What is expected
Reproduce only this stretch of the listing below: from the line with "YR 2938真皮厚底复古马丁靴民族风高跟棉靴短靴 商品图0" through the line with "Here, nestled between", exactly as written, with pictures excluded.

Data in this exercise
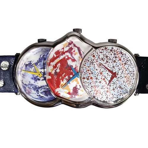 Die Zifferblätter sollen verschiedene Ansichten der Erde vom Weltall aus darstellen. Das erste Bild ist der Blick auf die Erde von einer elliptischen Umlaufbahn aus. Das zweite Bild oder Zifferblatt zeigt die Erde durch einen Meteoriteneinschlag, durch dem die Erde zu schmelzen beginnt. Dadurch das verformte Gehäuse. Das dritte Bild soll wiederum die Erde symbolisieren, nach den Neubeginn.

--

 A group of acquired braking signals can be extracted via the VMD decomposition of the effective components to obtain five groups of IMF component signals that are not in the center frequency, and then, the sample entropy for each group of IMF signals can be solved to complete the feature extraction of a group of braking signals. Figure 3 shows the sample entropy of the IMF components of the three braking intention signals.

* * *

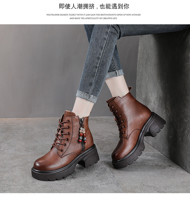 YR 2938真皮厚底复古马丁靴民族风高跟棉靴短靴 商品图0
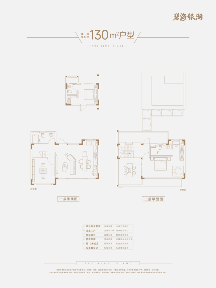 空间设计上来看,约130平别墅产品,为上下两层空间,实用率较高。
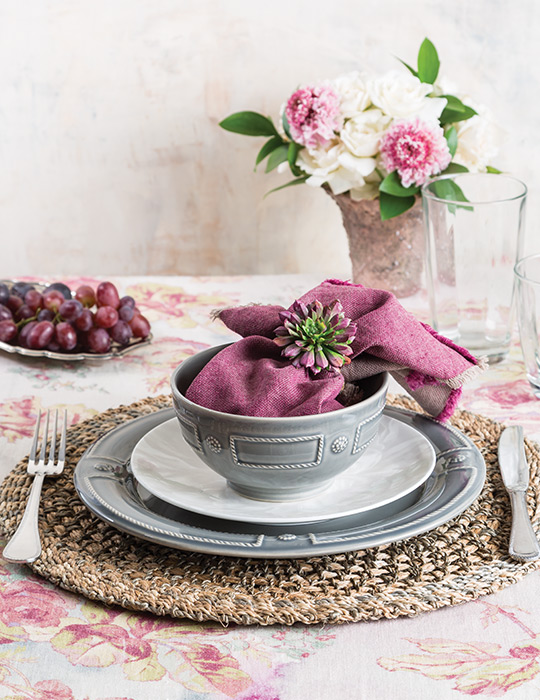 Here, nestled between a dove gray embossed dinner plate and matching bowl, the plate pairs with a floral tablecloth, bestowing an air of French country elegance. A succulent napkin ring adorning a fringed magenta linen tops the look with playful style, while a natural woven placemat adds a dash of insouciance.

Output of the task
 YR 2938真皮厚底复古马丁靴民族风高跟棉靴短靴 商品图0
 空间设计上来看,约130平别墅产品,为上下两层空间,实用率较高。
 Here, nestled between a dove gray embossed dinner plate and matching bowl, the plate pairs with a floral tablecloth, bestowing an air of French country elegance. A succulent napkin ring adorning a fringed magenta linen tops the look with playful style, while a natural woven placemat adds a dash of insouciance.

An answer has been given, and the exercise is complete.